• What to work on
All of the data below should be set down again verbatim, without any images.

• Source material
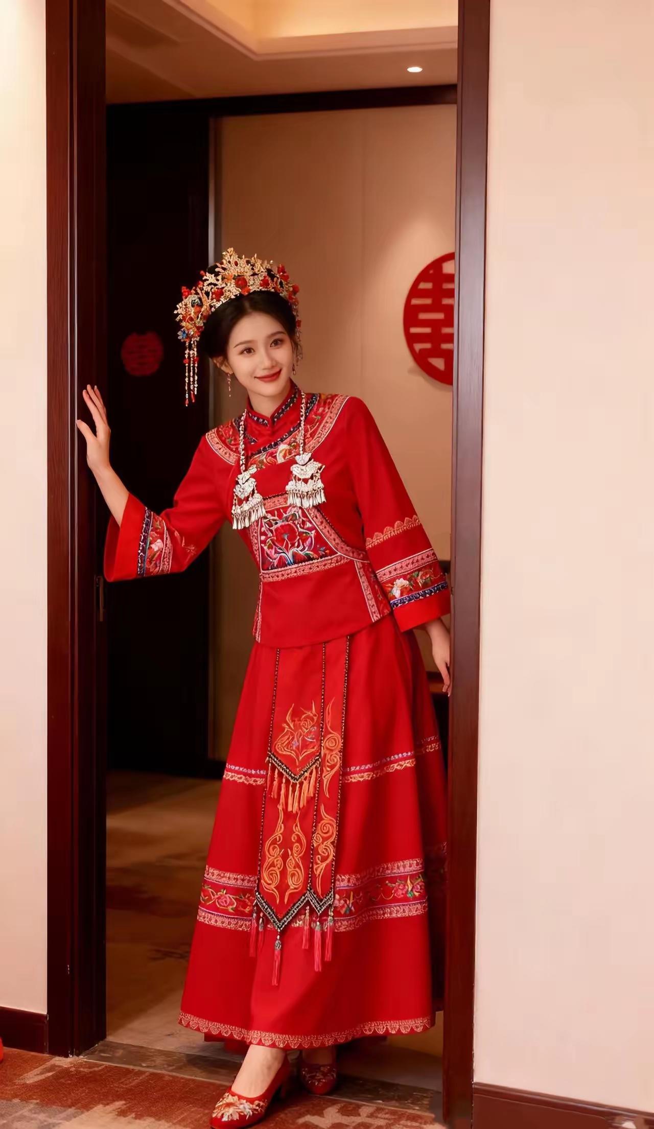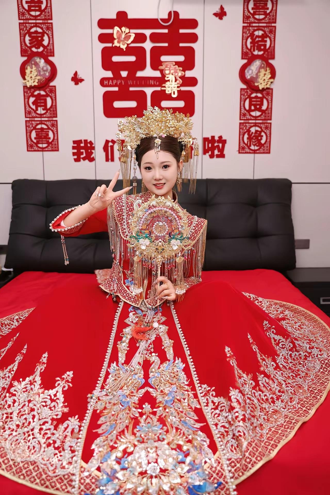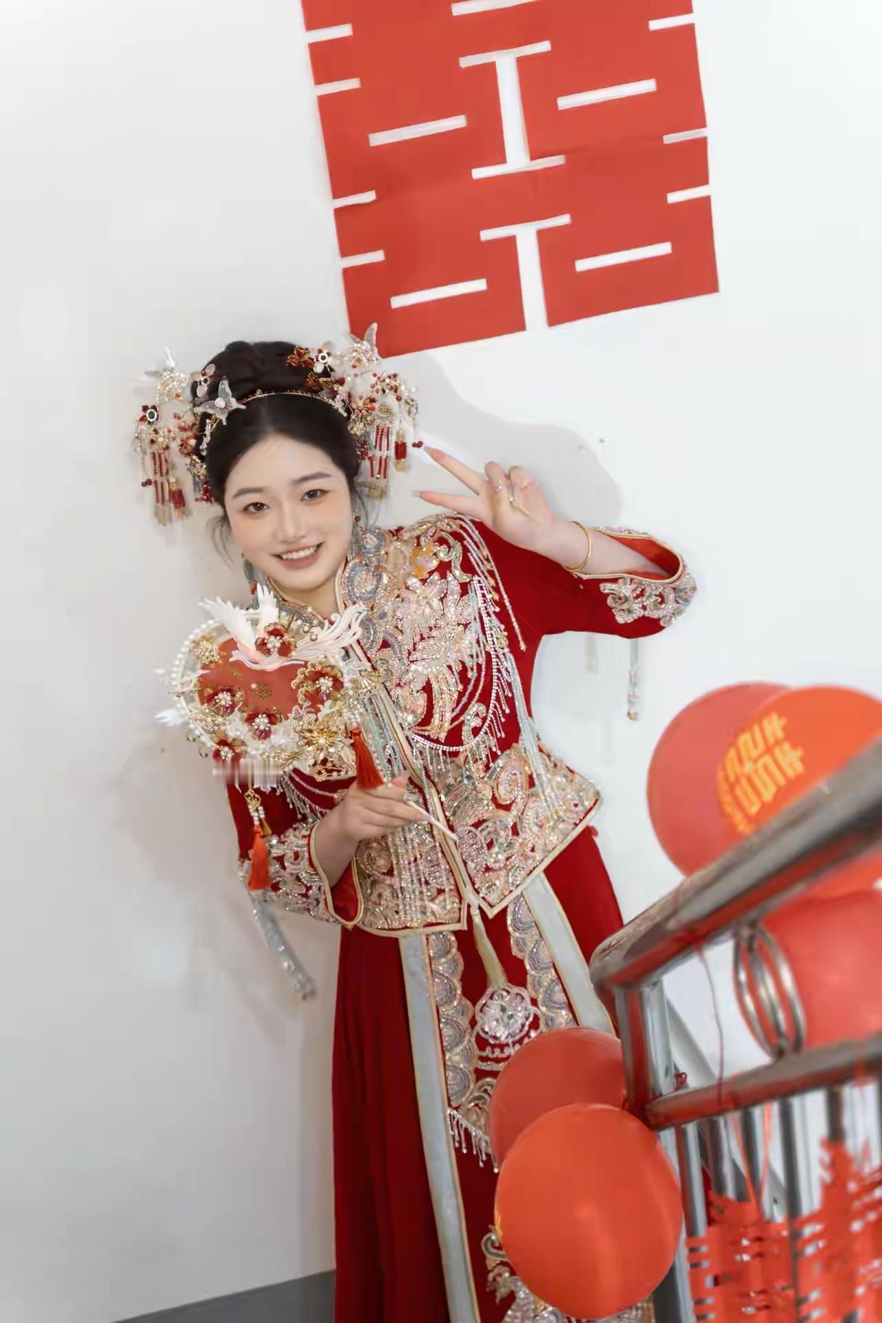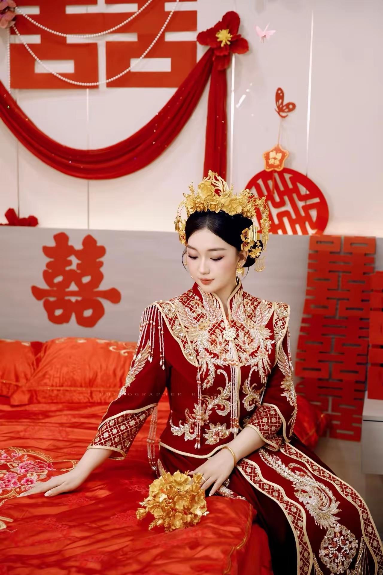 这位美女穿着华丽的礼服,看起来非常惊艳。
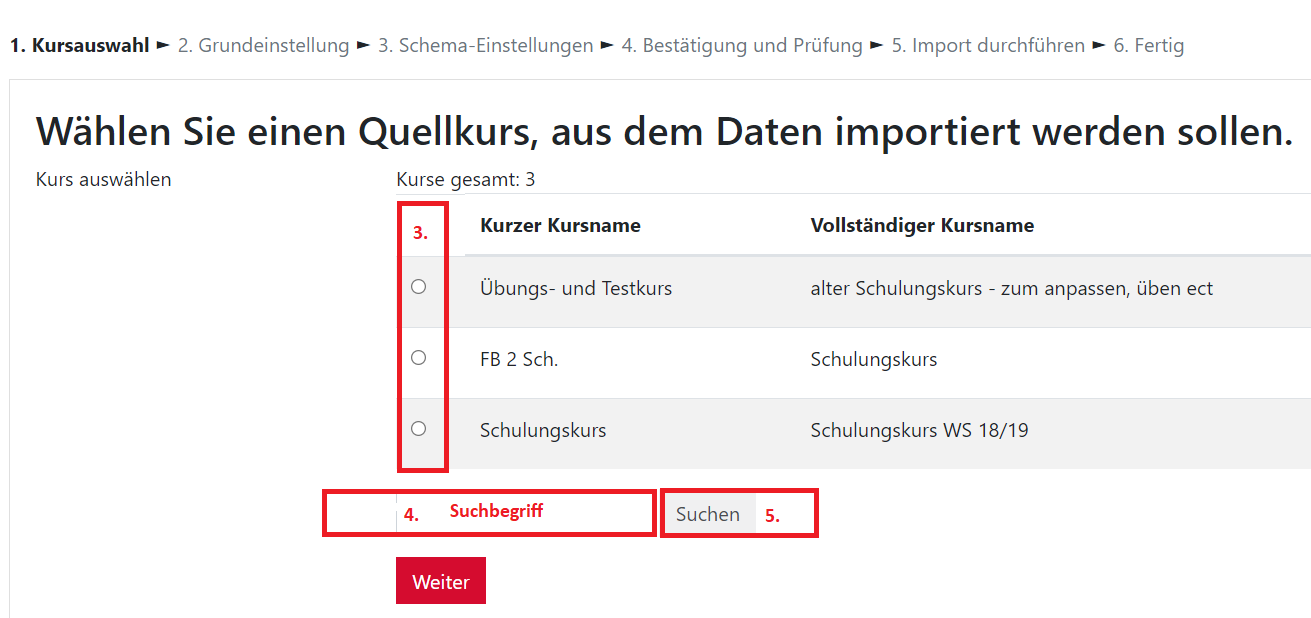 2. Sollte der zu importierende Kurs als einer der ersten gelistet werden, kann dieser direkt ausgewählt werden (3.). Ansonsten kann unten in der Suchleiste (4.) der enstprechende Kurs gesucht (5.) und ausgewählt werden. Am einfachsten findet man den Kurs über den kurzen Kurstitel.
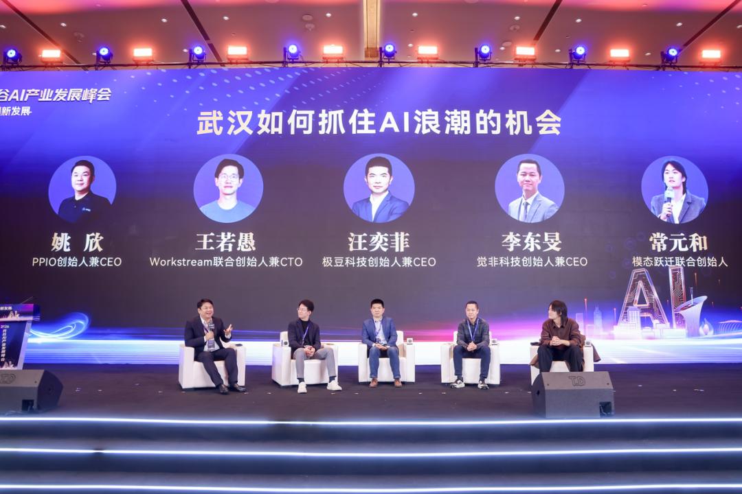 另外,在活动现场,姚欣与觉非科技创始人李东旻、极豆车联网 CEO 汪亦菲、Workstream 联合创始人、CTO 王若愚、模态跃迁联合创始人常元和进行了《武汉如何抓住 AI 浪潮的机会》的圆桌讨论。
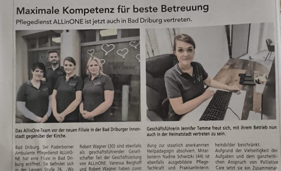 Pflegedienst ALLinONE ist jetzt auch in Bad Driburg vertreten.

• Written solution
 这位美女穿着华丽的礼服,看起来非常惊艳。
 2. Sollte der zu importierende Kurs als einer der ersten gelistet werden, kann dieser direkt ausgewählt werden (3.). Ansonsten kann unten in der Suchleiste (4.) der enstprechende Kurs gesucht (5.) und ausgewählt werden. Am einfachsten findet man den Kurs über den kurzen Kurstitel.
 另外,在活动现场,姚欣与觉非科技创始人李东旻、极豆车联网 CEO 汪亦菲、Workstream 联合创始人、CTO 王若愚、模态跃迁联合创始人常元和进行了《武汉如何抓住 AI 浪潮的机会》的圆桌讨论。
 Pflegedienst ALLinONE ist jetzt auch in Bad Driburg vertreten.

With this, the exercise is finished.